The Art of Divine Contentment: Seni Puas Ilahi

Pendahuluan: Mengapa Kepuasan Ilahi Begitu Penting?
Di tengah dunia yang serba instan, materialistis, dan kompetitif, banyak orang mengejar kepuasan melalui hal-hal eksternal: karier, harta, relasi, bahkan pencapaian rohani. Namun, Alkitab mengajarkan bahwa kepuasan sejati hanya ditemukan dalam Tuhan. “The Art of Divine Contentment” atau Seni Puas Ilahi adalah tema klasik yang dibahas secara mendalam oleh Thomas Watson, salah satu tokoh Puritan dan teolog Reformed terkemuka.

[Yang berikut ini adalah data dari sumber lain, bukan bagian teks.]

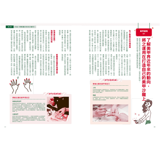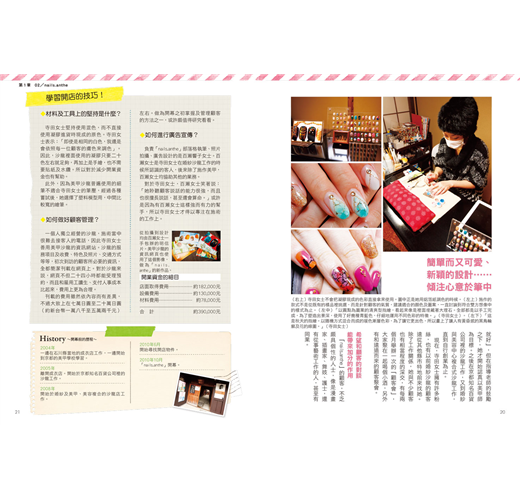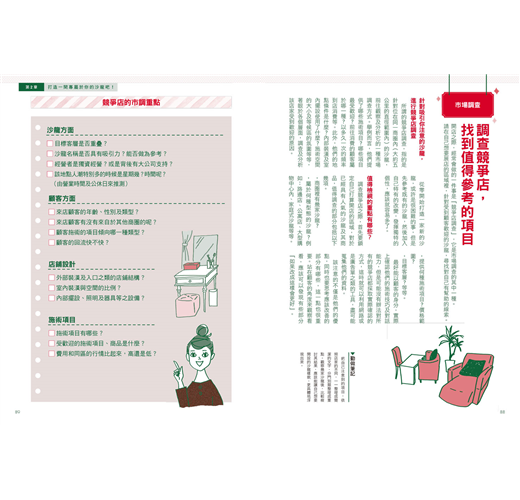 本書完整採訪11間人氣沙龍,詢問他們的開店心路歷程,從內部擺設、室內裝飾的巧思,到接待顧客及施術項目的特色等等,徹底瞭解他們是用什麼方法打造出一間讓顧客想再次登門拜訪的高人氣店家。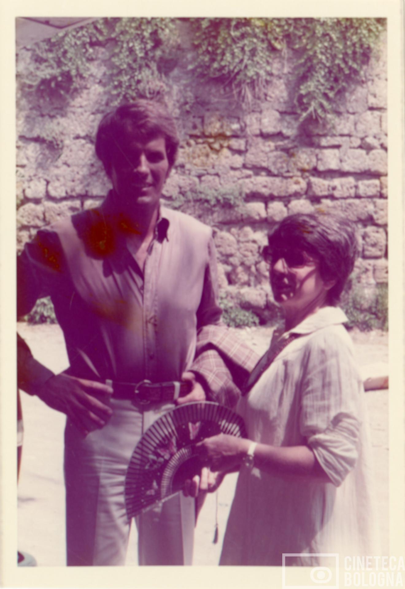DOCUMENTO FOTOGRAFICO 1972. Mara Blasetti e un uomo non identificato durante una pausa delle riprese del film Che? di Roman Polanski

Buku Watson ini bukan hanya relevan bagi pembacanya di abad ke-17, tetapi juga sangat relevan bagi orang Kristen abad ke-21. Dengan menggali ajaran para tokoh Reformed lainnya seperti John Calvin, Herman Bavinck, dan John Owen, artikel ini ingin membukakan pemahaman yang lebih mendalam tentang seni puas secara rohani—bagaimana hal itu bukan hanya kebajikan, tetapi juga sebuah seni yang perlu dipelajari oleh semua orang percaya.
1. Thomas Watson: Kepuasan adalah Seni, Bukan Reaksi Alami
Thomas Watson dalam bukunya The Art of Divine Contentment menyatakan bahwa kepuasan bukanlah hasil alami dari situasi hidup, tetapi hasil dari hati yang telah dilatih oleh kasih karunia.

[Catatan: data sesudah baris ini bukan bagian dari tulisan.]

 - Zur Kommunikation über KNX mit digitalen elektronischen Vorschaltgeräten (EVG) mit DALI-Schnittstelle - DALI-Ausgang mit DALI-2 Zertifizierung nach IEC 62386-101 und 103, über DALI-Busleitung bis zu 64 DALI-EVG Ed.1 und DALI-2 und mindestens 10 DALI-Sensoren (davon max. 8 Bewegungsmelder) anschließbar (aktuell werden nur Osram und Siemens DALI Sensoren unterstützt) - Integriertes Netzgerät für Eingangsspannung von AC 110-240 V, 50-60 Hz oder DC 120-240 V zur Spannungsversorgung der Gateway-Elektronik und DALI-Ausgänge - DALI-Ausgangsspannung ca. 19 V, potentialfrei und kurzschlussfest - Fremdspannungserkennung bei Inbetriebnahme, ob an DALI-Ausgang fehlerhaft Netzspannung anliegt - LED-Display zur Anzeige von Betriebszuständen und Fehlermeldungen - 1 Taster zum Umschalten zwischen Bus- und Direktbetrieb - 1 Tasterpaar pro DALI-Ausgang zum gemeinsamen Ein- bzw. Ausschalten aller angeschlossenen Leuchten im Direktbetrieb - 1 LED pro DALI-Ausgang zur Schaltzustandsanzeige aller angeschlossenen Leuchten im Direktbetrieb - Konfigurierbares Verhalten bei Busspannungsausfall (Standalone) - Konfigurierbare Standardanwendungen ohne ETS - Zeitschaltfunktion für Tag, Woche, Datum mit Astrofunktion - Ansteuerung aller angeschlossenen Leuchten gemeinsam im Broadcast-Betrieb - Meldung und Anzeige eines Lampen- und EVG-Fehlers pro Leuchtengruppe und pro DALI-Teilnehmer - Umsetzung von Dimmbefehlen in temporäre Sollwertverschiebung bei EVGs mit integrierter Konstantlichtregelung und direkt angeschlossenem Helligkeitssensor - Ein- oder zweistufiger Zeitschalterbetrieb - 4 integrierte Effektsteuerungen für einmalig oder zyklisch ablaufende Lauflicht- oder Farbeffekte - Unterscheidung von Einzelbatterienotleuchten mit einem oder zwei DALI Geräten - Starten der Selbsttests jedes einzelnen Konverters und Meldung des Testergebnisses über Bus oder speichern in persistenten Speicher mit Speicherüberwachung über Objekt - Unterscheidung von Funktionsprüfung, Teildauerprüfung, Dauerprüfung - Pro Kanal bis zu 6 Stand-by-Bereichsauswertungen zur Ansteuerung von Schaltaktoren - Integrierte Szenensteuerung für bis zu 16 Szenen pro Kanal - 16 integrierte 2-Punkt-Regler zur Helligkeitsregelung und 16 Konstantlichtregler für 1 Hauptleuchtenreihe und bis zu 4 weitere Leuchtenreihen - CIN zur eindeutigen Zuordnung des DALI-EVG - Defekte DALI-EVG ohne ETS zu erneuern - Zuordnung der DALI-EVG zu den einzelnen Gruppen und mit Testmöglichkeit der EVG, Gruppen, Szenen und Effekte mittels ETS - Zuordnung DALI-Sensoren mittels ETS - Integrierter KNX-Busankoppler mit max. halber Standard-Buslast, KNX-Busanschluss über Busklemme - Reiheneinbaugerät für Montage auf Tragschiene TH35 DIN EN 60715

“Kepuasan bukanlah kebajikan pasif, tetapi kebajikan aktif yang memerlukan latihan, pengendalian diri, dan pengertian akan anugerah Allah.”
Menurut Watson, seni puas bukan terletak pada seberapa sedikit atau banyak kita miliki, melainkan pada bagaimana kita memandang apa yang kita miliki dalam terang kedaulatan Allah. Orang percaya tidak diminta untuk menjadi fatalistik, tetapi percaya bahwa segala sesuatu datang dari tangan Allah yang baik dan bijaksana.
2. John Calvin: Kedaulatan Allah sebagai Dasar Kepuasan
Dalam Institutes of the Christian Religion, John Calvin menekankan kedaulatan Allah atas segala aspek kehidupan manusia. Konsep ini menjadi fondasi bagi seni puas ilahi. Jika kita percaya bahwa segala sesuatu berasal dari Allah dan bahwa Dia memelihara umat-Nya, maka tidak ada alasan untuk bersungut-sungut terhadap keadaan hidup kita.
Calvin menulis:
“Apa pun yang menimpa kita adalah karena penyelenggaraan ilahi. Maka, kita harus belajar tunduk dalam ketenangan dan kepuasan.”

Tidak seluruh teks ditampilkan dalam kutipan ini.